Oh I see, thanks for clarifying, I think I misunderstood your point about ontological uncertainty, that makes a lot of sense
Oh I see, thanks for clarifying, I think I misunderstood your point about ontological uncertainty, that makes a lot of sense
Nothing is pre-determined per se
I don’t think too hard about how everything that happens is inevitable, but that is the logical conclusion
These seem to be saying the exact opposite of each other - if everything is inevitable, it is therefore pre-determined.
As for the relation between the physical (chemical, biological, etc) processes of the brain and consciousness, you’re absolutely right that the latter necessarily arises from the former, but that does not mean that our consciousness is reducible to just those processes. Consciousness is an emergent phenomenon and, even if we were able to trace all the physical processes of the brain, we would still not be able to entirely explain our subjective experience.

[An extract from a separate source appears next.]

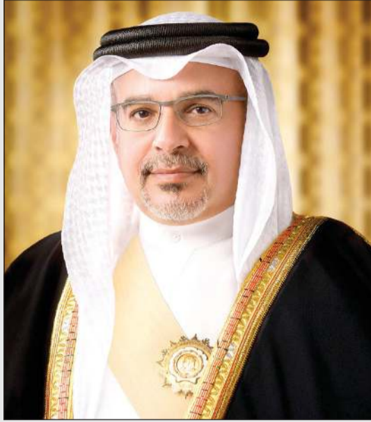
صاحب السمو الملكي الأمير سلطان بن حمد آل خليفة

سلطان بن حمد: تضامن كامل مع الكويت في كل ما تتخذه من إجراءات للحفاظ على سيادتها وأمنها واستقرارها وسلامة أراضيها

For scientific socialism, I think relying too much on a deterministic outlook creates a very sterile, complacent ideology. Look at the pre-WWII communist parties of Europe, who were positivistic determinists par excellence. They believed wholeheartedly in the inevitability of a socialist revolution, and look where that got them. I think a more productive view would be to embrace the inherent unpredictability of human action, our capacity to break out of a given historical moment. Nothing is guaranteed or pre-determined (however probable), and it is precisely because of that fact that our actions are meaningful, that praxis is a worthwhile endeavor.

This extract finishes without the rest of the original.